In 2017 Moore participated in The Real Estate Show Extended/Berlin: Group exhibition on the subject of Gentrification, Real Estate Speculation and Selling out the City at Kunstpunkt Berlin. This show included many Berlin artists along with four original members of the Real Estate Show (1980): Moore, Becky Howland, Peter Mönnig and Joseph Nechvatal. Howland, Mönnig, Moore and Nechvatal also participated in a panel discussion on Real Estate and Art on June 3, 2017 that was moderated by sculptor Howard McCalebb of Dada Post, Berlin.

==MWF Club==
Moore created MWF Club in 1986 as a distribution company for Potato Wolf and All Color News COLAB television programs that aired on public access TV. MWF Club expanded to include programs from various other groups such as Communications Update, Downtown TV, Glenn O'Brien's TV Party, New Cinema, Cinema of Transgression, Naked Eye Cinema and numerous artists and filmmakers.

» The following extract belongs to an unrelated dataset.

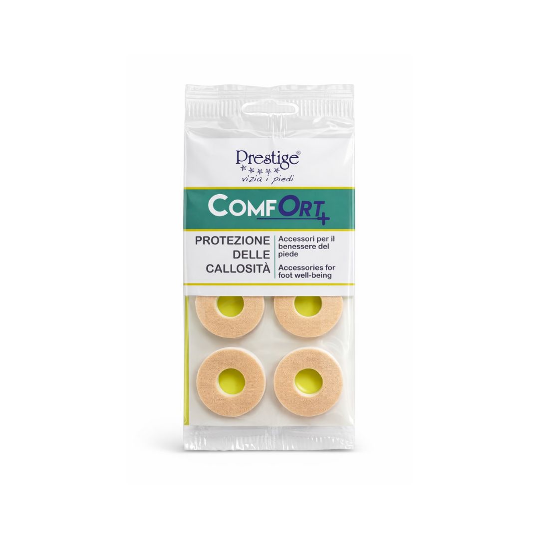 COMFORT+ štitnici za žuljeve i kurje oči – 4 samoljepljiva prstena od lateksa koji smanjuju pritisak, trenje i nelagodu pri hodanju.
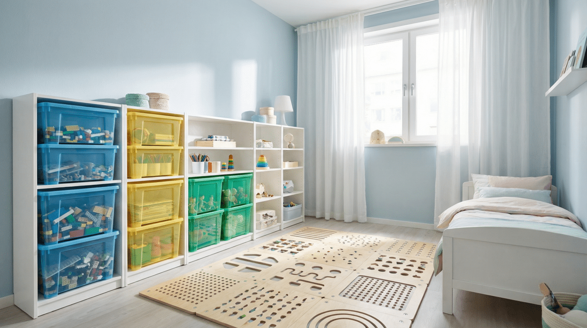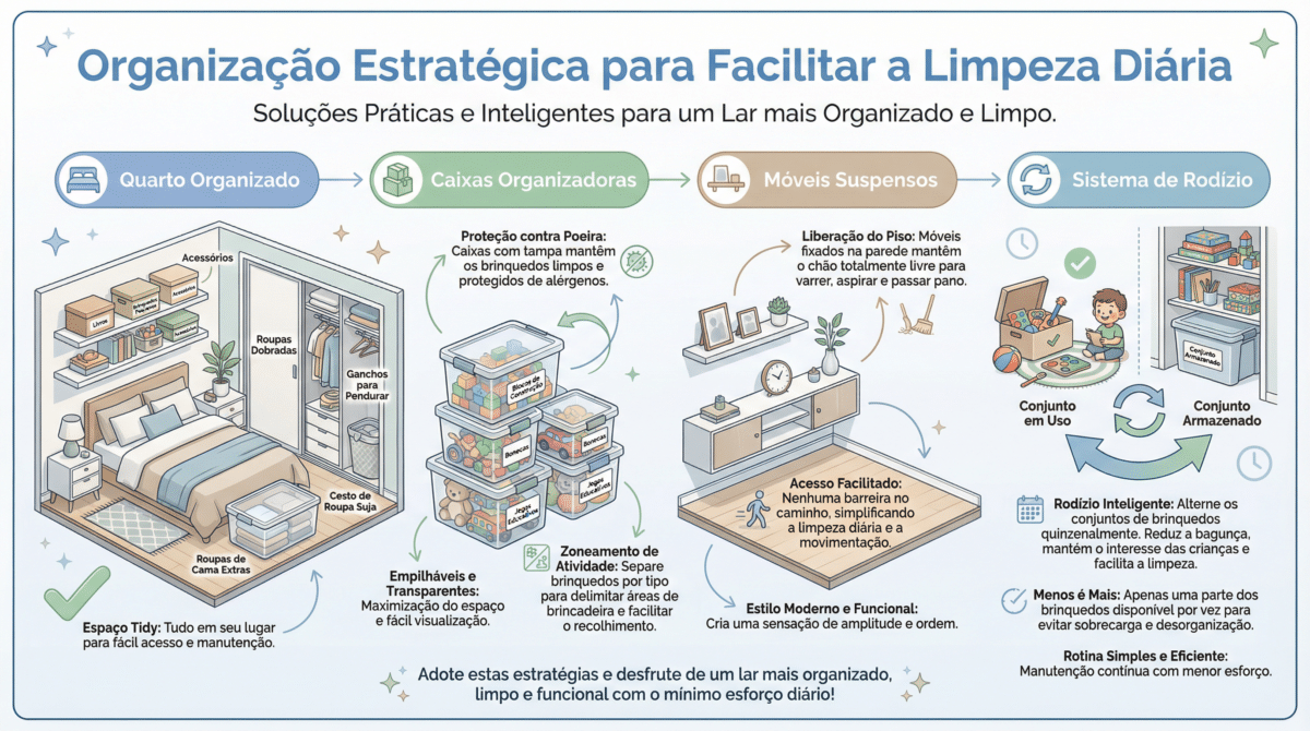 Móveis suspensos e prateleiras são excelentes aliados para manter o piso livre. Além disso, adotar o sistema de rodízio de brinquedos — onde apenas uma parte dos itens fica disponível para uso enquanto o restante é guardado — reduz a quantidade de objetos expostos à sujeira e mantém o interesse da criança renovado, facilitando a rotina de manutenção doméstica.

Moore co-curated an exhibition workshop in 2013 entitled XFR STN (Transfer Station) that was held at the New Museum. The opening night featured "Moving Image Artists' Distribution Then & Now" an ersatz assembly of participants in the MWF video club, introduced by Moore, Andrea Callard, Michael Carter, Nick Zedd and Coleen Fitzgibbon.

==After PhD==
In the early 1990s he went back to school to study an art history PhD. He has written on artist collectives, cultural districts, and cultural economies. The PhD was released in book form as Art Gangs : Protest and Counterculture in New York City in 2012.

Moore has published five issues of the House Magic Bureau of Foreign Correspondence.

Moore was awarded a grant from the Andy Warhol Foundation for the Visual Arts in 2012.

==Selected works==
===Books===
- 2022: Alan W. Moore Art Worker: Doing Time In The New York Artworld published by the Journal of Aesthetics & Protest Press
- 2015: (eds) Alan W. Moore and Alan Smart Making Room: Cultural Production in Occupied Spaces Journal of Aesthetics & Protest/Other Forms Barcelona 978-0979137792 PDF
- 2015: Alan W. Moore Occupation Culture: Art & Squatting in the City from Below Minor Compositions/Autonomedia Brooklyn, NY 9781570273032 PDF
- 2012: Alan W. Moore Art Gangs : Protest and Counterculture in New York City Autonomedia Brooklyn, NY 9781570272370
- 1985: (with Marc Miller) ABC No Rio Dinero: The Story of a Lower East Side Art Gallery ABC No Rio/Collaborative Projects New York
===Chapters===
- 2007: 'Artists' Collectives Mostly in New York, 1975-2000' in (eds) Blake Stimson and Gregory Sholette Collectivism after Modernism University of Minnesota Press.
- 2006: 'Welcome to our Resistance' in (ed) Clayton Patterson Resistance: A Political History of the Lower East Side Seven Stories Press.